# Cam/Rocker cover refurb possiblities



## ooleybrah

Hello everyone

I finally got round to pulling one of my cam covers off to check the condition. They look a bit tired and corroded, as do the bolts.

Before i go give Audi lots of money for new ones, is there anything i can do with the old ones? I want to keep it original as possible, so i would like to respray in a close match silver colour. My question is, can i get a durable finish with rattle cans? I was planing on getting a soda blaster maybe, to strip the old paint off.

What would be the best options for the bolts? It would be nice to have those look and stay OEM looking.

If i was to re-spray these, is it possible to get stickers made, to keep them looking original?





































Thanks for any input. Fairly new to this side of things, more at home on the spanners but want to try my hand at this if it works out cheaper.:car:


----------



## Frog

If it were me I would replace the washers and rubber seals on the bolts and then get the cam covers and the bolts blasted. I would then rattle can the covers and leave the bolts as is.


----------



## ooleybrah

Frog said:


> If it were me I would replace the washers and rubber seals on the bolts and then get the cam covers and the bolts blasted. I would then rattle can the covers and leave the bolts as is.
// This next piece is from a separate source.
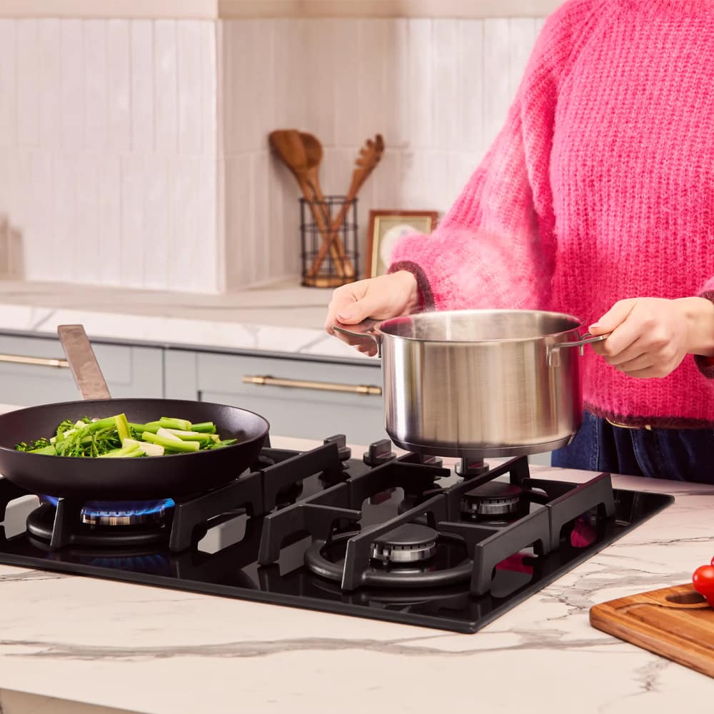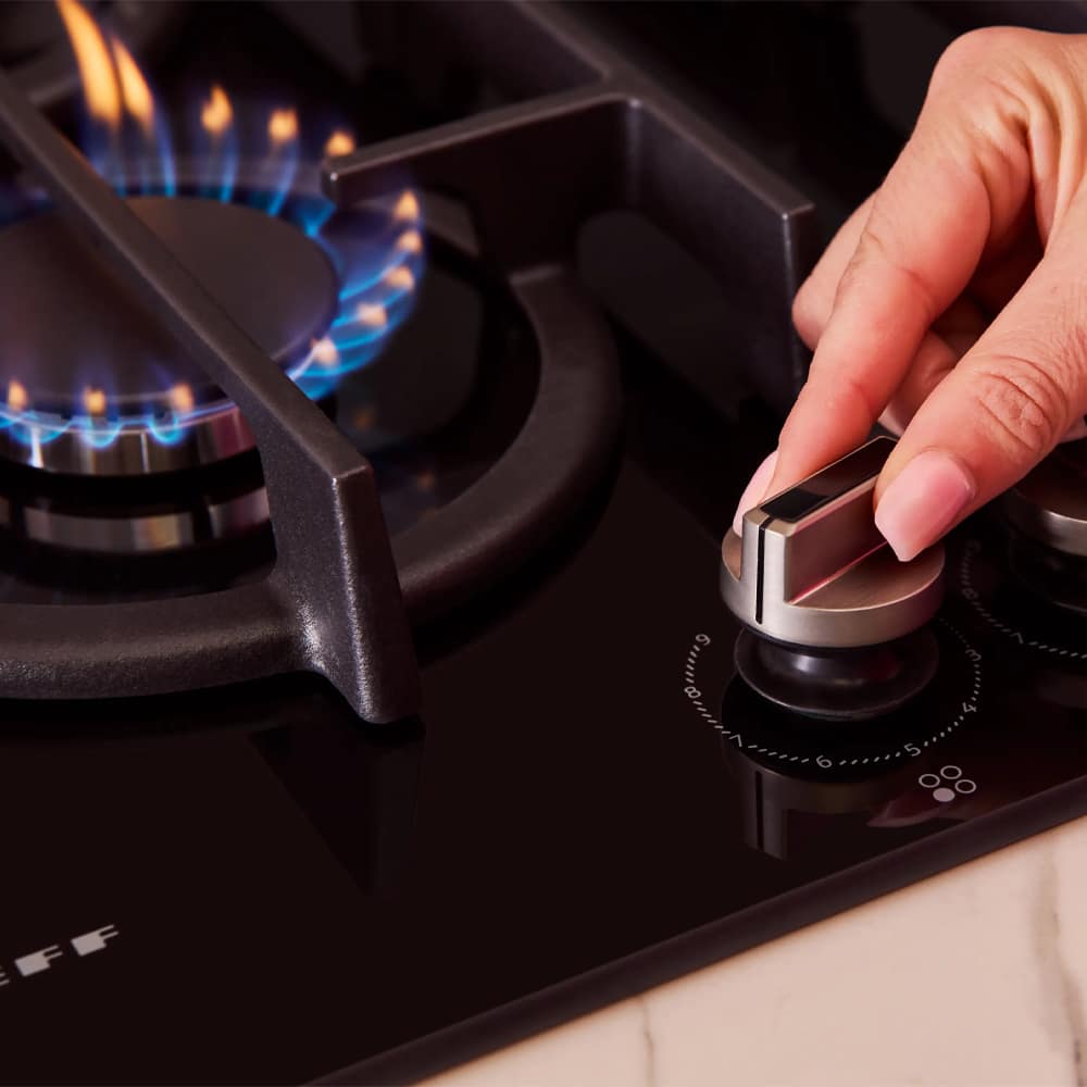 With a stylish black glass finish and cast iron pan supports, this distinctive four burner gas hob from Neff looks fabulous. FlameSelect gives you complete control over your gas flame level. The flame adapts to any dish. Simply select one of 9 levels and you can see how the flame becomes larger or smaller depending on how you need it, just as easy as cooking on an electric hob! With easy to use control dials the T26PIP4S0 from Neff is hassle free.

this is my only option. i called audi today and new ones are £326+ vat.....per side!:doublesho


----------



## Frog

ooleybrah said:


> this is my only option. i called audi today and new ones are £326+ vat.....per side!:doublesho


326 for a set of washers?? Flipping heck I thought Dick Turpin died years ago.........


----------



## Cookies

Frog said:


> 326 for a set of washers?? Flipping heck I thought Dick Turpin died years ago.........


He is alive and well, and masquerading as an Audi parts advisor. Lol

Sent from my iPad using Tapatalk


----------



## James_R

Try these boys

http://www.spoonerrestorations.co.uk

Get the cam cover completely refurbed and wait for it coming back to you.
Pricing is reasonable.


----------



## ooleybrah

Frog said:


> 326 for a set of washers?? Flipping heck I thought Dick Turpin died years ago.........





James_R said:


> Try these boys
> 
> http://www.spoonerrestorations.co.uk
> 
> Get the cam cover completely refurbed and wait for it coming back to you.
> Pricing is reasonable.


sorry, i meant the covers themselves.

im going to have a go at doing them myself. will post results in here. theyre going into a deox c bath tonight hopefully!


----------



## slim_boy_fat

^^ ??


----------



## Mac-

You can get winkle finish paint if that's what you're after, they'll just need a good rubbing down and all traces of oil removed.


----------



## Kev_mk3

James_R said:


> Try these boys
> 
> http://www.spoonerrestorations.co.uk
> 
> Get the cam cover completely refurbed and wait for it coming back to you.
> Pricing is reasonable.


Have done mine and its amazing


----------



## RedUntilDead

Also check out Frost.co.uk for all things car paint restoration


----------



## ChrisHGTV

RedUntilDead said:


> Also check out Frost.co.uk for all things car paint restoration


Yes Frost have so much useful stuff! I've got an Alfa GTV v6 and did the cam covers with red VHT wrinkle paint from frost, then ground off where the Alfa Romeo script is. Came up well and the paint is very durable. Curing the covers in the oven though still gets brought up by the wife, food tasted definitely iffy for a good few days! I found the paint was almost thermoplastic so it feels like it still hasn't cured until the parts have cooled. I probably cooked it too much!


----------